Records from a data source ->
# # # # #

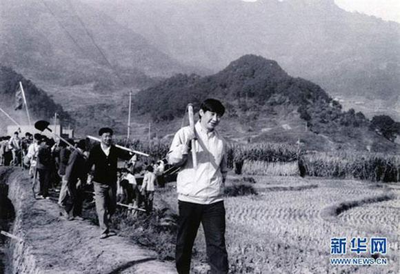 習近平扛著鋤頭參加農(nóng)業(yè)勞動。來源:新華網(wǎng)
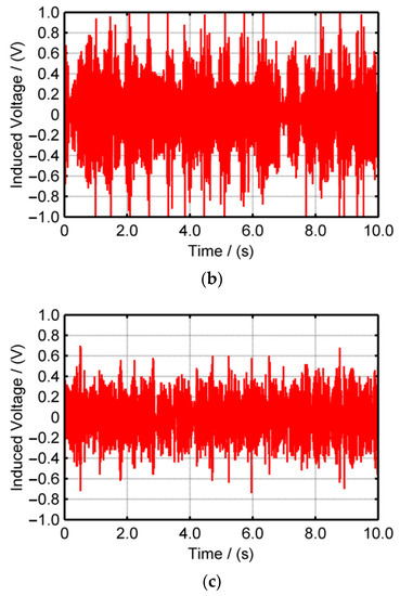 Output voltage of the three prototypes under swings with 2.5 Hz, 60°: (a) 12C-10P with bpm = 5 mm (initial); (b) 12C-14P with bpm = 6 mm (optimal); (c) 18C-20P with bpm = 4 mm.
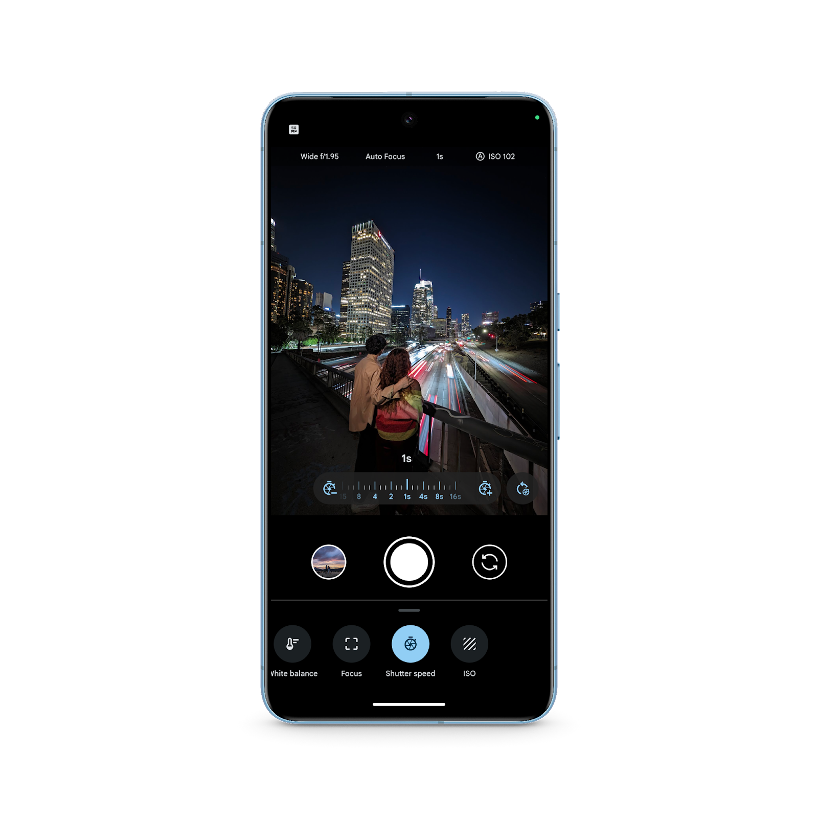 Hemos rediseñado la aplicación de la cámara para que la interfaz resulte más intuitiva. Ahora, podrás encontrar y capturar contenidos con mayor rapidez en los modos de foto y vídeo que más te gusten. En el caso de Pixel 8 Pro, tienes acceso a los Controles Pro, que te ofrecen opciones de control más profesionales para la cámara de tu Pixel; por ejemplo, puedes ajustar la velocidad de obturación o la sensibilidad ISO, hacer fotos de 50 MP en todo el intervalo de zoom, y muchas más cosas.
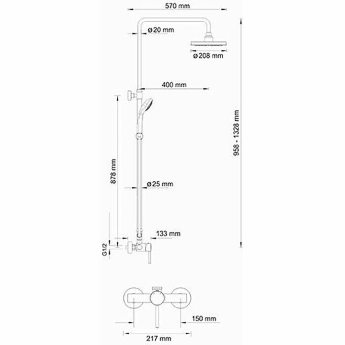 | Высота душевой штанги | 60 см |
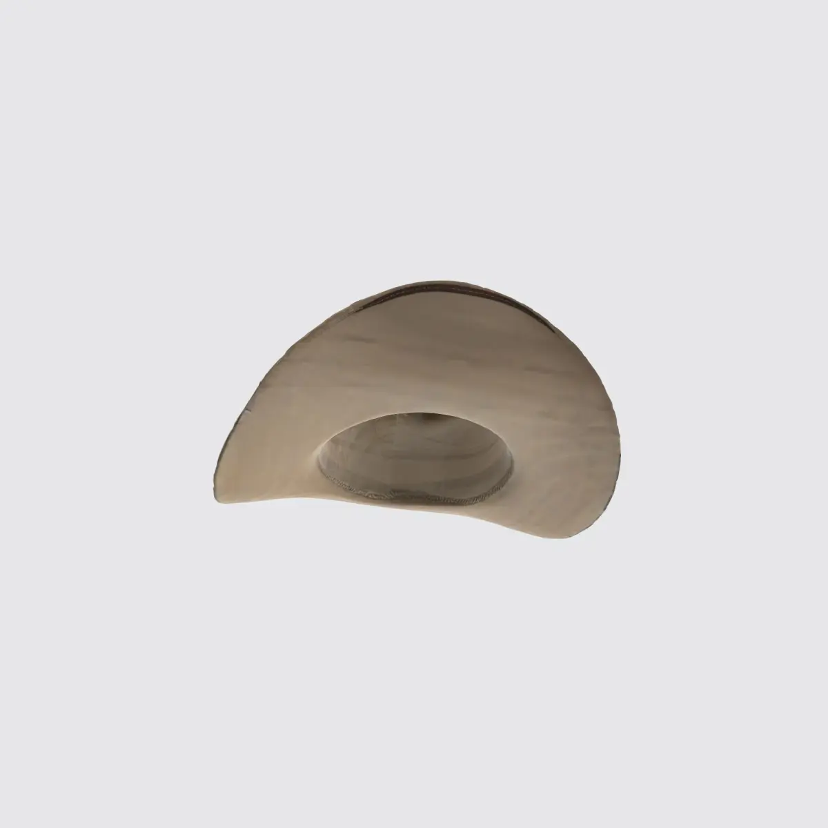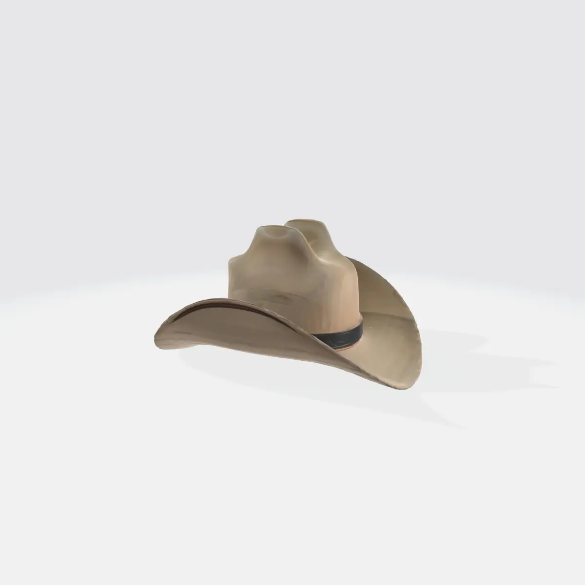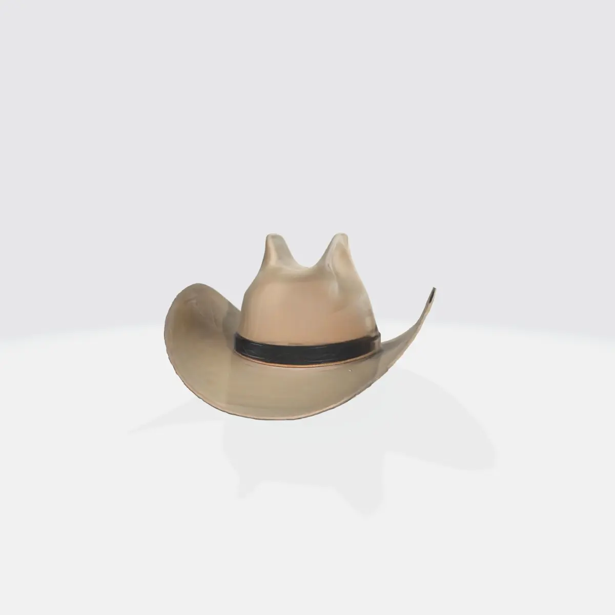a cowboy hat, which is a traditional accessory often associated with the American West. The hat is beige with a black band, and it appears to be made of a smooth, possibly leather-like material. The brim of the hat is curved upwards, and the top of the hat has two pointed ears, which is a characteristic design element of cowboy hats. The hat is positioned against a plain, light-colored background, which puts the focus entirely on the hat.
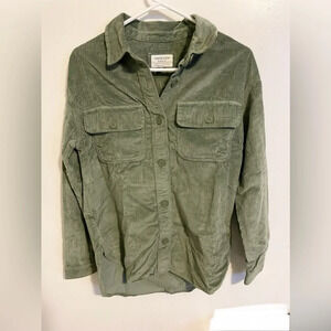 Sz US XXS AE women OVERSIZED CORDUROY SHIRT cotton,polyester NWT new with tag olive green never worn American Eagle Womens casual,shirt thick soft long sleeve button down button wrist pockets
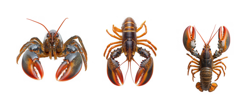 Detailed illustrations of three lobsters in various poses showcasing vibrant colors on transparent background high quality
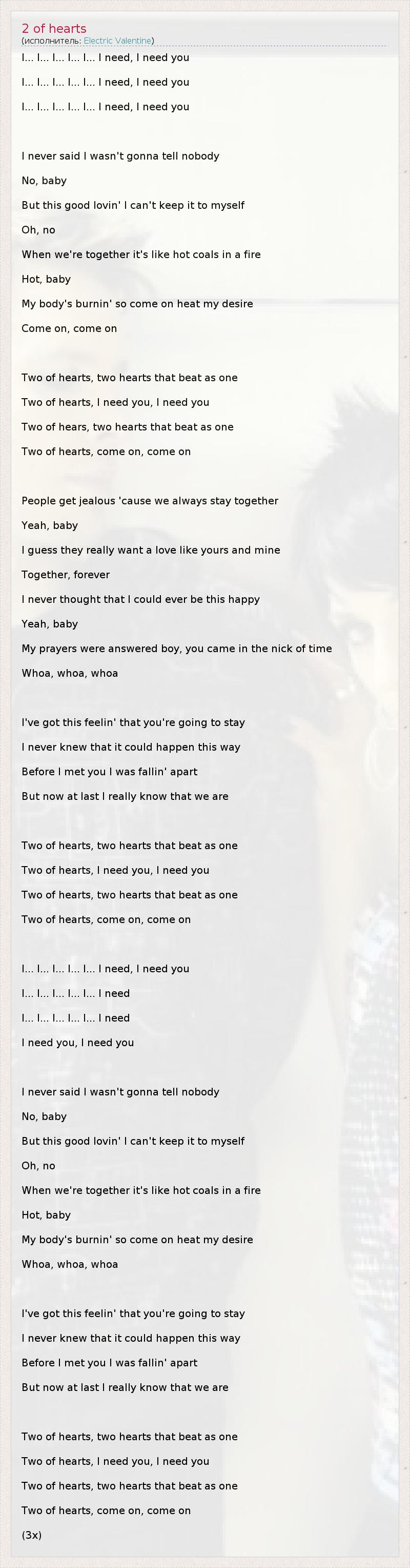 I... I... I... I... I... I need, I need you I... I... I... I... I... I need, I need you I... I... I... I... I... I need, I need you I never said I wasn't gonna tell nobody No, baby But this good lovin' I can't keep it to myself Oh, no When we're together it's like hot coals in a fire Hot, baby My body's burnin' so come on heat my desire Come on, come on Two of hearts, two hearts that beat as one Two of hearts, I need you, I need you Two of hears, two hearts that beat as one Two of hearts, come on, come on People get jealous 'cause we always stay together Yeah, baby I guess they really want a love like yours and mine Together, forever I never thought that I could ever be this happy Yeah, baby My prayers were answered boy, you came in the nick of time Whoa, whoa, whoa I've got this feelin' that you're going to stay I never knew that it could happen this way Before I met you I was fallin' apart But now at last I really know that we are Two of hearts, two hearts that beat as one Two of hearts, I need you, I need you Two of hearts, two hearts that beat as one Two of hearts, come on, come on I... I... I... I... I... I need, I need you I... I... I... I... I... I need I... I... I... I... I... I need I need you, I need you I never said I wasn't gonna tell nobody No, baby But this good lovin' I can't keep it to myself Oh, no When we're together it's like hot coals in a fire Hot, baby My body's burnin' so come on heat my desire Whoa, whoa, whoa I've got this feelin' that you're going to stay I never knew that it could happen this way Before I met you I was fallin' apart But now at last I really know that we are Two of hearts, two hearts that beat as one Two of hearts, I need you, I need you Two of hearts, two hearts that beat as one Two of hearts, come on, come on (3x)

# # # # #

Using the data above, return the lines from the one holding "Sz US XXS AE" through the one holding "Detailed illustrations of" exactly, but not the pictures.

Solution for this task ->
 Sz US XXS AE women OVERSIZED CORDUROY SHIRT cotton,polyester NWT new with tag olive green never worn American Eagle Womens casual,shirt thick soft long sleeve button down button wrist pockets
 Detailed illustrations of three lobsters in various poses showcasing vibrant colors on transparent background high quality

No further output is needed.